Translator Michael Emmerich then took to the stage to interview Matsuie, after a reading from Matsuie’s 2012 debut novel, At the Foot of the Volcano (delivered alternately in Japanese by Matsuie and English by Emmerich). The novel (not yet published in English, but I hope it will be) concerns the relationship between an architecture student and the older architect whose work he admires and whose practice he joins. Matsuie said that drew on his own career in publishing to write about his protagonist’s architecture career, and that he  himself had thought of being an architect until he realised he didn’t have the right skills. Emmerich commented that it seemed to him almost as though the spaces were more important than the characters in the novel; and I could certainly imagine that from the extract we heard, which vividly described a church designed by the protagonist’s hero (I especially loved the image of the church looking “like a grey cat curled up in a ball waiting to nap”).

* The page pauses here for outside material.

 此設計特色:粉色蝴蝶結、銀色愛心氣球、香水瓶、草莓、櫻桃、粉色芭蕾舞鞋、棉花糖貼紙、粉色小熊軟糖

Emmerich asked Matsuie if there was a parallel for him between designing books and designing architectural spaces; the author replied that he hadn’t thought of it that way before, but there probably was something to that. This is just one example of what an interesting and illuminating evening this was.

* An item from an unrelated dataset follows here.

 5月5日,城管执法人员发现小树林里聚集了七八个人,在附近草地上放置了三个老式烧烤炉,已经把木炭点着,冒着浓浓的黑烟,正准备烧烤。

I must mention one more thing. During the Q&A session afterwards, an audience member asked if it were possible to see any of the boxed books, but Matsuie said that unfortunately he hadn’t brought any samples with him. The bookseller holding the roving mic then immediately turned around, pulled a copy of B.S. Johnson’s The Unfortunates from the shelf and handed it to Matsuie, who had never come across the book before and was keen to take a closer look at it. I noticed in passing that The Unfortunates is still on sale with the same design as it had when I first saw a copy in 1999. That’s a testament to good book design, just as the whole incident is a testament to good bookshops. I’d like to thank everyone involved in putting on last night’s event (and, of course, Peirene’s on Wednesday). I thoroughly enjoyed it, learned a lot… and I already have next month’s World Lit Series event in my diary.